Croda International said it plans to pass on any additional costs from US tariffs to its customers, as the UK chemical maker seeks to shore up profits in a high-inflation environment.

The 100-year-old company, based in Snaith in Yorkshire, said:

Although our well-balanced local manufacturing and procurement model helps to mitigate our direct exposure to tariffs, we are assessing the likely impact and intend to apply a tariff surcharge to cover any associated incremental costs.

Its share price rose as much as 10% and later traded 7.5% higher, despite a drop in 2024 sales and profits. However in the first quarter, sales rose by 9% to £442m at constant exchange rates, and Croda stuck to its profit forecast for this year. Analysts are forecasting a pretax profit of £209.8m, according to a company poll.

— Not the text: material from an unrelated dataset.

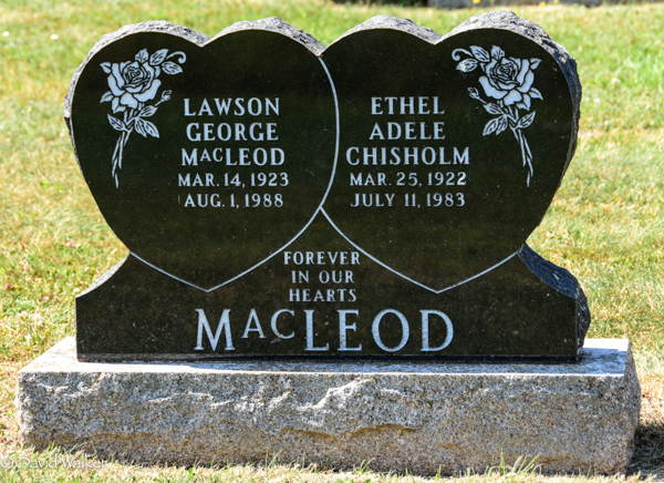 Inscription: Lawson / George / MacLeod / Mar. 14, 1923 / Aug. 1, 1988 | Ethel / Adele / Chisholm / Mar. 25, 1922 / July 11, 1983 // Forever / in our / hearts / MacLEOD.1,3  Tombstone, Lawson George MacLeod (1923-1988), his wife Ethel Adele Chisholm (1922-1983). Presbyterian/United Cemetery, North Bedeque, Prince County, Prince Edward Island, Canada.

The company, which makes ingredients and specialty chemicals for clients across the beauty, agriculture, pharmaceutical and industrial sectors, had already announced plans for £25m in cost-saving measures to help counter rising costs.

With alternative sources of supply limited in many cases, Croda‘s plans to pass on any incremental costs from tariffs to customers may be something clients will have to accept, according to analysts at Hargreaves Lansdown.

Companies worldwide are digesting the impact of the global trade war sparked by US president Donald Trump’s sweeping tariffs, which has fuelled fears of a recession.

Croda’s sales from North America accounted for almost 24% of its annual revenue in 2024.